Since the side of the battery box on which the first terminal is provided is a lid, and the second terminal and the third terminal are biased toward the opposing first terminals, the first side on the lid side.
It is not necessary to provide a biasing member on the terminal, space can be saved, and the biasing member does not obstruct the insertion / removal of the battery when the battery is inserted / removed.

Further, by making the lid having the lock portion slidable with respect to the first terminal, the lid is slid while keeping the state in which the first terminal is in contact with the terminal of the battery housed therein. Then, the lid can be locked or unlocked in the main body case.

[Brief description of drawings]

FIG. 1 is a partially cutaway plan view of an embodiment of the present invention.

FIG. 2 is a sectional view taken along the section line AA of FIG.

3 is a cross-sectional view taken along the section line BB of FIG.

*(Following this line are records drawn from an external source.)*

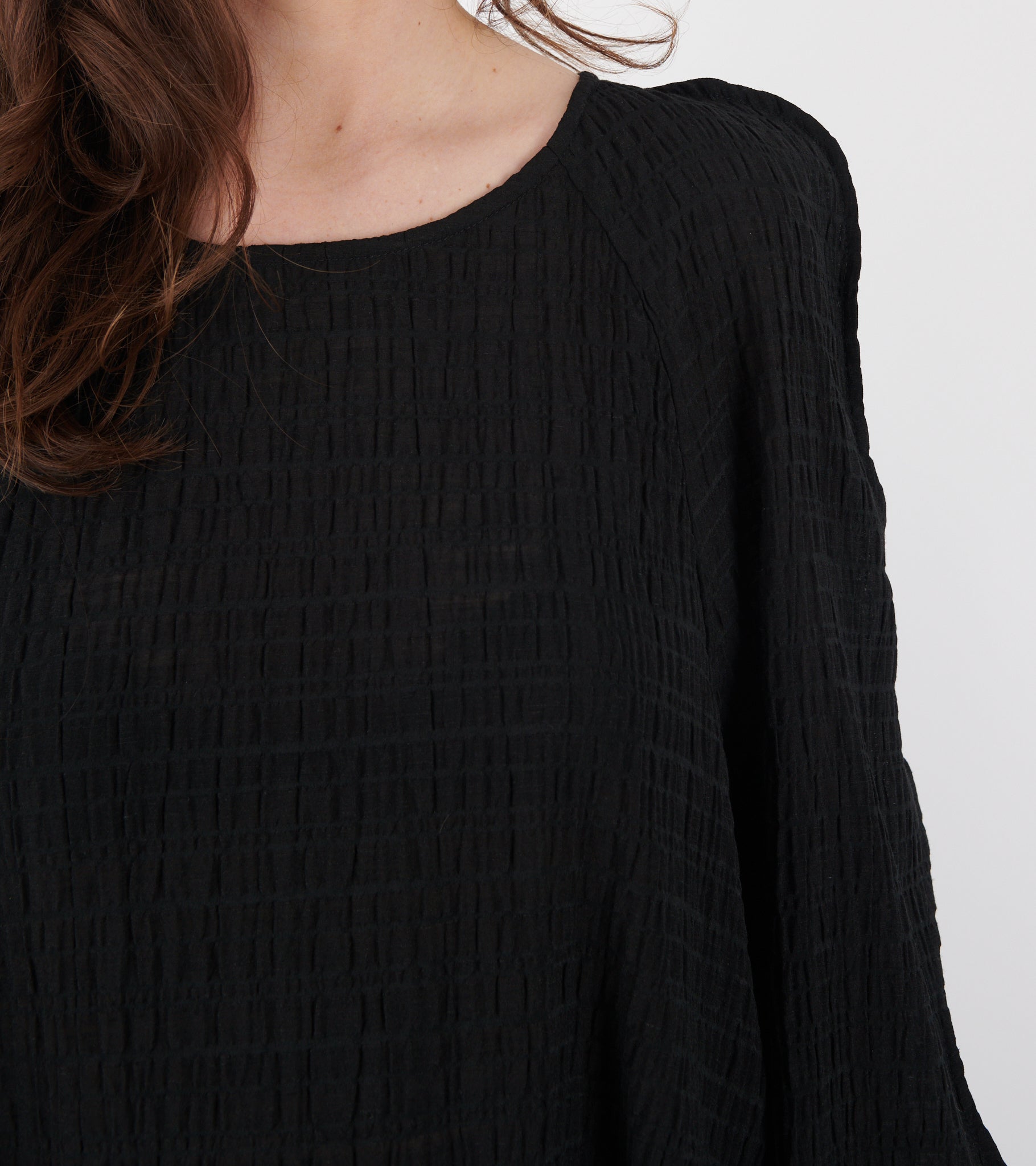 Sort kjole i en ternet viskoseblanding med let tekstur fra Henrik Vibskov. Octo Dress har bølgede kanter, lange ærmer samt en bådudskæring øverst.
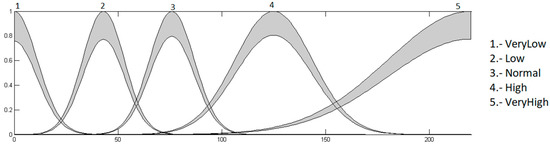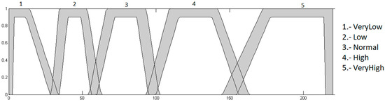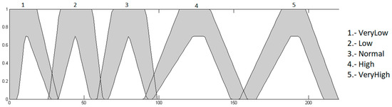 Heart rate input: this input has values in the range of 0 to 220, because it is the maximum heart rate that a young person may have during physical activity, and is granulated into 5 membership functions, which correspond to the linguistics values “Very Low”, “Low”, “Normal”, “High” and “VeryHigh”. This input is presented in Figure 8.
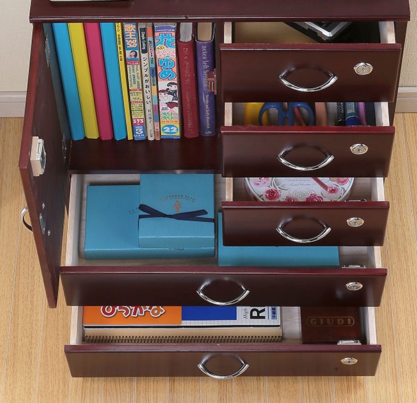 大容量の収納スペース扉内と、大小5段の引出しがあり、全てに鍵がかけられるので、大切な物を安心して収納できます。
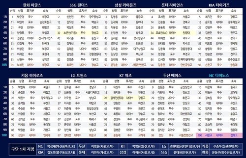 10개 구단은 1라운드부터 10라운드까지 총 100명의 선수를 뽑는다.
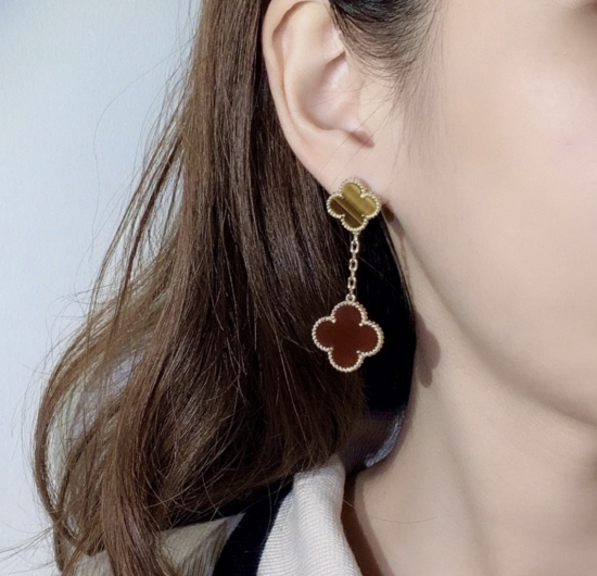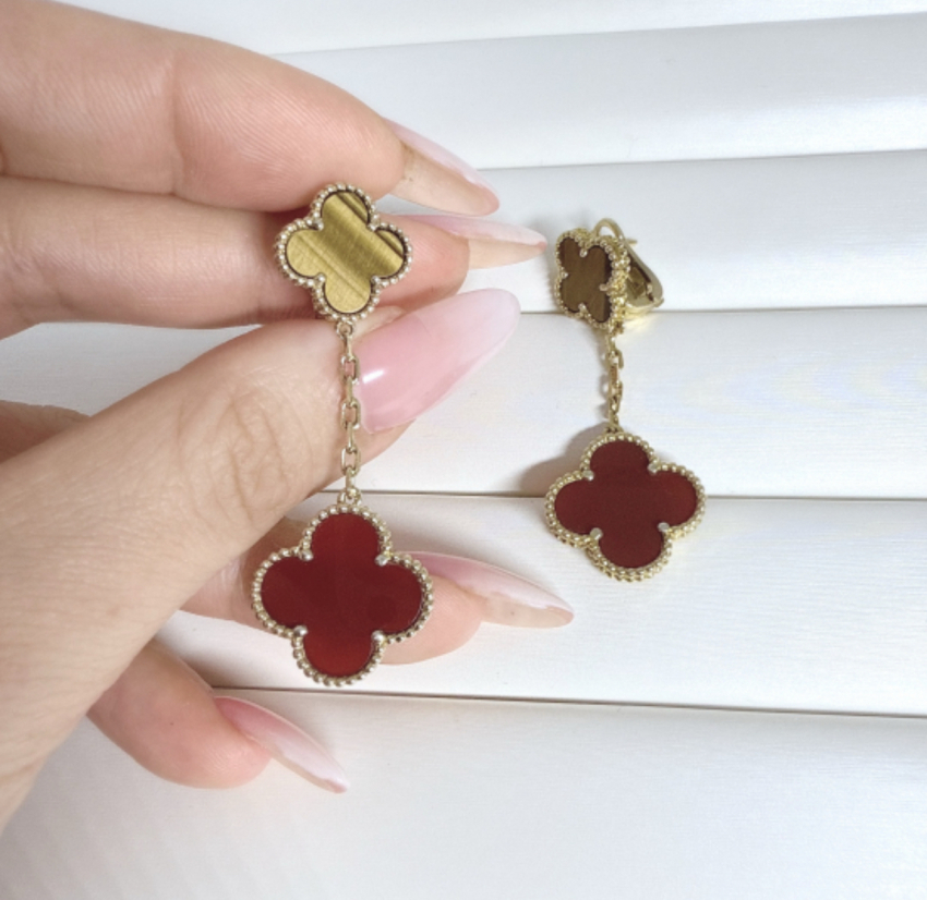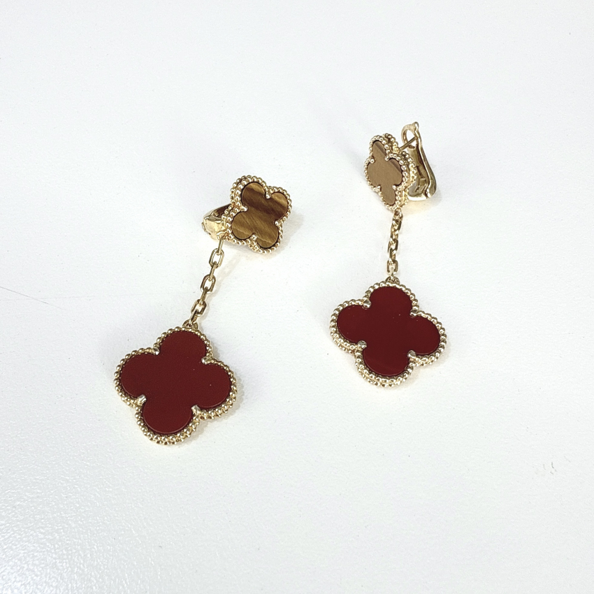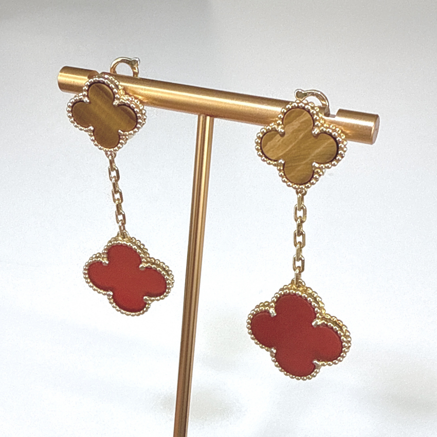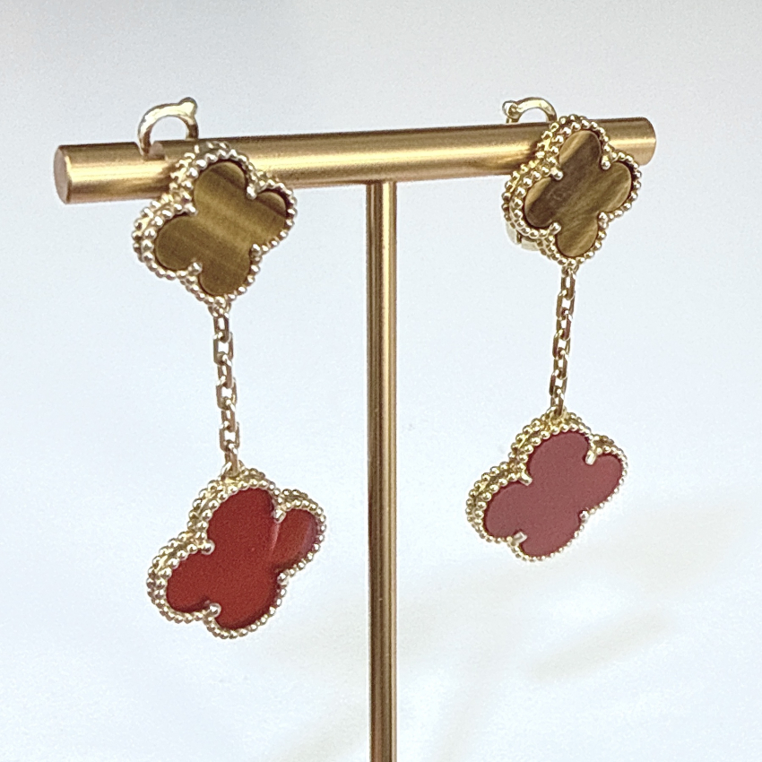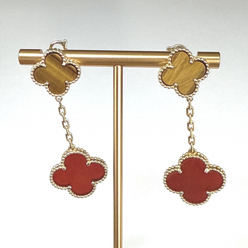 【アウトレット・サンプル】 定価54,900円破格→ クローバー2連タイプピアス 2連ピアス(タイガーズアイ・カーネリアン×ゴールドカラー)

4 is an external perspective view of the embodiment of FIG.

FIG. 5 is an enlarged view of second and third terminal portions.

FIG. 6 is a circuit diagram showing a connection between each terminal of the battery box section and a load circuit.

FIG. 7 is a circuit diagram showing a connection state when a battery is inserted in the forward direction.

FIG. 8 is a plan view corresponding to FIG. 1 when the battery is inserted in the reverse direction.

9 is a cross-sectional view taken along the section line A′-A ′ of FIG.

FIG. 10 is a circuit diagram showing a connection state when a battery is inserted in the reverse direction.

FIG. 11 is a sectional view of a conventional example.

FIG. 12 is a sectional view of a conventional example.

FIG. 13 is a sectional view of a conventional example.

[Explanation of symbols]

 DESCRIPTION OF SYMBOLS 1 Battery 2 Battery box part 3-5 1st-3rd terminal 6 Battery lid 8 Main body case 10 Load circuit 11-13 1st-3rd diode

Claims (3)

[Claims] 1. A battery accommodating device having a battery box part for accommodating a battery, wherein a voltage in a predetermined direction is applied from a battery of the battery box part to a load circuit, wherein one end of the battery box part comprises: A first terminal is provided, and a second terminal and a third terminal that individually correspond to the positive terminal and the negative terminal of the battery are provided at the other end facing each other, and the first terminal is provided depending on the storage direction of the battery. The terminal is in contact with either the positive terminal or the negative terminal of the battery, and either the second terminal or the third terminal is in contact with the corresponding terminal of the battery, Between the load circuit and the first terminal and the second terminal depending on the storage direction of the battery.
A battery housing device, to which a semiconductor element for applying a voltage in the predetermined direction is connected via a terminal or via the first terminal and the third terminal. 2. The battery box portion has one end as a lid, and the second terminal and the third terminal are biased toward the facing first terminal. The battery storage device described in. 3. The lid according to claim 2, wherein the lid has a lock portion that engages and disengages with a main body case in which a battery box portion is formed, and is slidable with respect to the first terminal. Battery storage device.